Edmund Albert (Ted) Colson was born near Quorn in the Flinders Ranges on 3 June 1881. When he was 15 years old he moved with his father to the Western Australian Goldfields. In 1904 he married Alice Jane Horne at Kalgoorlie. In 1917 Ted Colson and his wife moved to Victoria where he worked on construction projects and he later started his own transport business. In 1927 he and his wife moved to Oodnadatta where he worked on the construction of the railway line from Oodnadatta to Alice Springs. In the following year he made an exploratory trip westwards into the Musgrave and Mann Ranges. In about 1929 he acquired a motor car and made several more trips westwards from Oodnadatta into the Central Australian Aboriginal Reserves, pioneering a motor track to the Musgrave Range. In 1930 he was employed by the anthropologist, AP Elkin (see AA 86), as driver on Elkin's survey of the social organization and kinship systems of the Aboriginal people west and north-west of Oodnadatta, and drove Elkin through the Musgrave Ranges and then back to Alice Springs via Charlotte Waters. Later that same year he was employed by Michael Terry (see AA 333), a prospector and adventurer, as a cameleer and guide on a prospecting expedition to the Musgrave, Petermann and Tomkinson Ranges.

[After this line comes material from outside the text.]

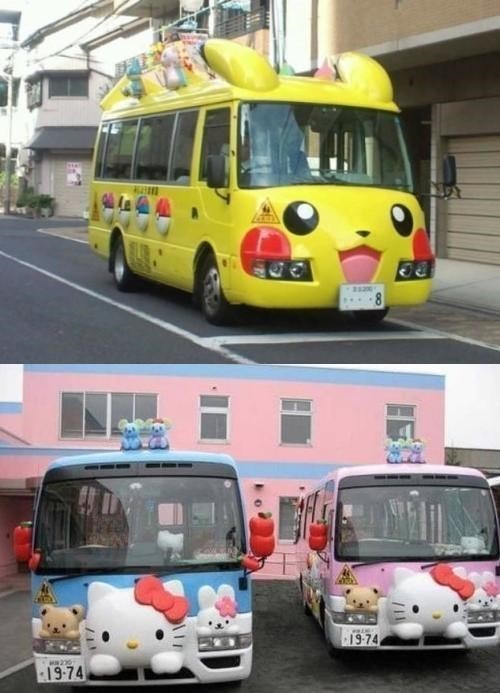 공개된 사진 속에는 일본의 어린이집 버스가 나오는데 '헬로 키티', '피카츄' 등 유명 캐릭터 등을 디자인해 시선을 모으고 있다.
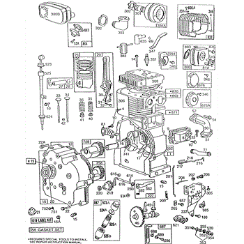 Parts for Briggs & Stratton 254427-5034-99: Cylinder,Mufflers,Piston Grp Parts

In 1931 Colson acquired the lease to Bloods Creek Station, north-west of Oodnadatta, where he ran sheep and operated a store, while continuing to make occasional trips westwards into the Central Reserves. In 1936 Colson and an Antakirinya man, Eringa Peter, successfully crossed the Simpson Desert with camels. Colson later established the Colson Trading Company at Finke in the Northern Territory.
Ted Colson was killed in a car accident near Balaklava, north of Adelaide, on 27 February 1950.
The State Library of South Australia has a small collection of Colson's papers, correspondence and maps etc (Acc. No. D5830).
The Fisher Library at the University of Sydney has a collection of correspondence between Elkin and Colson, relating mainly to Elkin's 1930 expedition to north-western South Australia.